I didn’t know this road went to Tahoe. “I’m looking for Kay’s Resort.”

She nods. “Name’s Isabel.” She scrambles to clear the books and papers and cassette tapes and bags of trail mix off the passenger seat before I climb in. “I used to hitchhike,” she laughs. “Dumb, dumb, dumb.”

I don’t know what to tell her. I usually have my own car?

We drive up past Bob’s You Name It junk shop, past lumberyards and lodges, our climb marked by elevation signs at thousand-foot intervals. Melting snowbanks, thick pine groves, road construction. The Volkswagen spits and moans. There’s a boom box in the backseat, an old Utah Phillips CD.

“You’re not camping, are you? Without any gear?” I can’t tell if she’s genuinely concerned or just fill-the-silence wondering.

“Not sure,” I admit.

“On the run?” she winks.

“Sort of.”

Just above seven thousand feet, we pull into a tiny gas station without any attendants.

“My place is a just few miles further up,” Isabel says. “If you hike in from here you oughtta find a campsite. It’s not legal, but it’ll do.”

Now, maybe all Sierra lakes look the same, but I can swear I’ve seen this one before. Church camp with a visiting priest?

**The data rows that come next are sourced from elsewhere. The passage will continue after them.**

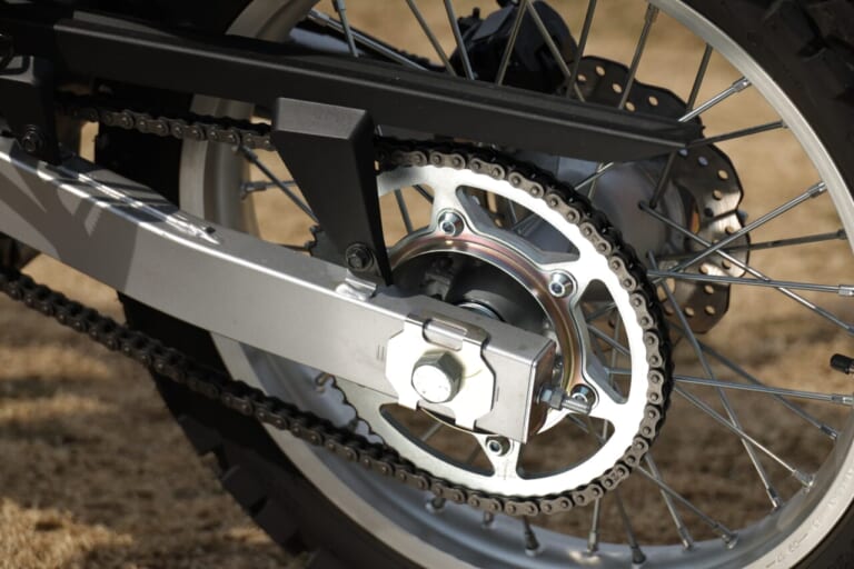 スプロケットは59丁と、トレールマシンではあまりお目にかからないくらい大きく、2次減速比は4.214(59/14丁)。1速アイドリングでは歩くような速度で進み、トルクも力強くエンストしにくい。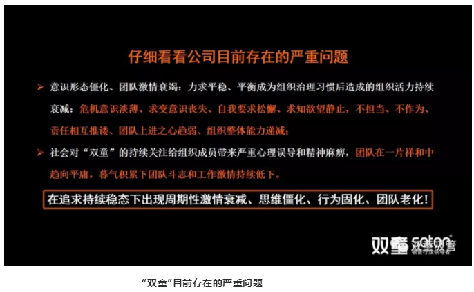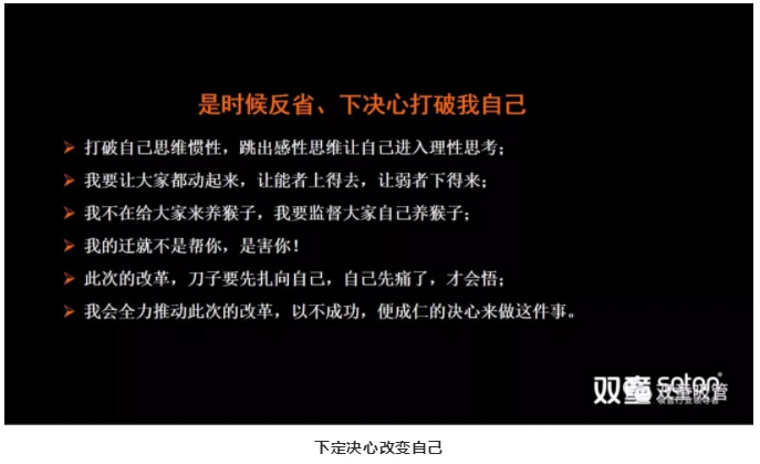 “所以是時候反省,并下決心打破自己!打破自己的思維慣性,跳出感性思維進入理性思考,勇于突破和改變自我,下定決心再次推動‘雙童’改革?!?/span>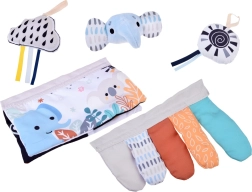 Mehke viseče igrače – oblaček s trakci, sonček in slonček – spodbujajo vizualno zaznavanje, koordinacijo oko–roka in prve prijeme.
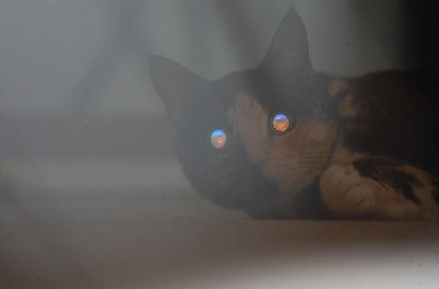 Une image prise au bon moment. On peut voir le reflet dans les yeux du chat.

I can remember building campfires with twigs and sticks, cooking meat and vegetables wrapped in tinfoil, but the memory is wispy and unfocused. I can’t hold onto it. A craggy red volcanic mountain rises from the indigo lake, a stranger among rounded green and snowy peaks. A campsite?

In the tackle shop/grocery store, the woman behind the old-fashioned register breathes through a plastic tube connected to a blue tank. Belabored inhale, belabored exhale. “Can I help you?”

I feel lightheaded. “Do you have any sleeping bags you lend out or anything?”

She shakes her head no. Thinning white hair.

I wander through aisles of chips and marshmallows, picture postcards of chipmunks and Thunder Mountain, Wish you were here. I grab a seventy-five-cent packet of onion soup, just add water.

“I’m looking for Dot,” I say as the woman pushes those big buttons on her giant cash register.

She nods. “If you head around the lake about a mile you’ll find an old cabin. First one you come to after the lagoon.” Belabored inhale, belabored exhale. “Just an old cabin. Stay close to the lakeshore or you’ll miss it.”

I have to cut off the sandy trail after just a few hundred yards to stay close to the lakeshore. I shove the onion soup packet into my back pocket as I climb over granite boulders, through stands of ponderosa pines and incense cedars. Patches of dry grass spotted with pennyroyal and brilliant paintbrush flowers. The old cabin is half hidden by red firs, lodgepole pines, western juniper.

A few steps to the porch. Knock, knock. “Hello?” No answer, but there’s an old hand-carved wooden sign on the red door: “Hospitality.” I push it open. “Hello?”

I scan the one-room cabin. A gray Mexican rug covers the floor. Stone walls lined with books.